Wednesday, 9 November 2022

Joint Oireachtas Committee on European Union Affairs

EU-UK relations and the implementation of the Trade and Cooperation Agreement and the Northern Ireland Protocol: Discussion

Professor Peter Shirlow:

That is critically important. I am not against Irish unity. I have asked, and I was not being glib earlier: where is the plan? Where is this costed? If we want to have a rational and mature debate then let us have that rational and mature debate but because of Scotland or because of Brexit that does not mean that a united Ireland is around the corner because the Deputy knows as well as I do that when you ask the question, "Do you want a united Ireland?", there is the 30% or 40% who say "Yes" but in the South, when you ask the question 71% say "Yes" and when you ask the question, "Do you want to pay for it with higher taxes?", the share of people who want a united Ireland goes down.
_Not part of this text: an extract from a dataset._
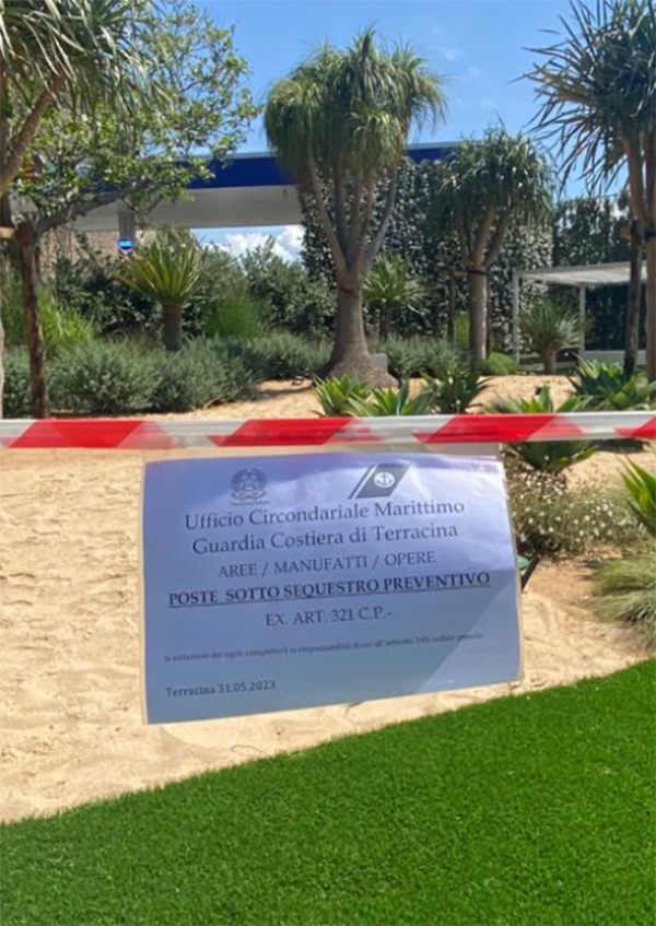 “L’area sottoposta a sequestro si trova sul tratto orientale del litorale terracinese. All’esito del controllo, svolto anche alla presenza di personale tecnico dell’Amministrazione Comunale, - si legge nella nota della Guardia Costiera - il personale operante ha riscontrato sia l’occupazione di un’area demaniale non coperta dal titolo concessorio con manufatti amovibili, sia sostanziali mutamenti all’interno dell’area in concessione non autorizzati con la licenza suppletiva richiesta dall’art. 24 del Codice della Navigazione. L’area difforme, in particolare, a differenza di quanto indicato nelle planimetrie annesse alla concessione, era stata riconfigurata con mutamento della destinazione d’uso.

I am not making that as a pro-union point. That is the reality here. Some people who want a united Ireland are from a Protestant and Catholic background and some people who want to stay in the union are from a Protestant and Catholic background. That is the point that I was trying to make earlier that we have to get beyond this green and orange way in which we think. The group that will win the argument is the people who put forward a fact and evidence-based debate about what constitutional change or otherwise would mean. It is too serious an issue to simply wrap it up with Brexit or Scotland. One of the things that is really clear here is that as someone from the pro-union community, I am more than happy to listen to arguments for a united Ireland - it is not that I am blinkered or that I am deaf to what people say to me - but nobody has tried to either persuade me in a way that is meaningful or they have stereotyped and labelled me in who I am and what I am. I might be somebody who wishes to stay in the union but I am also culturally Irish. I think those things are critically important. What the protocol and Brexit has shown clearly is that type of stereotypical, populist-type rhetoric undermines any capacity to build a shared island and a shared future.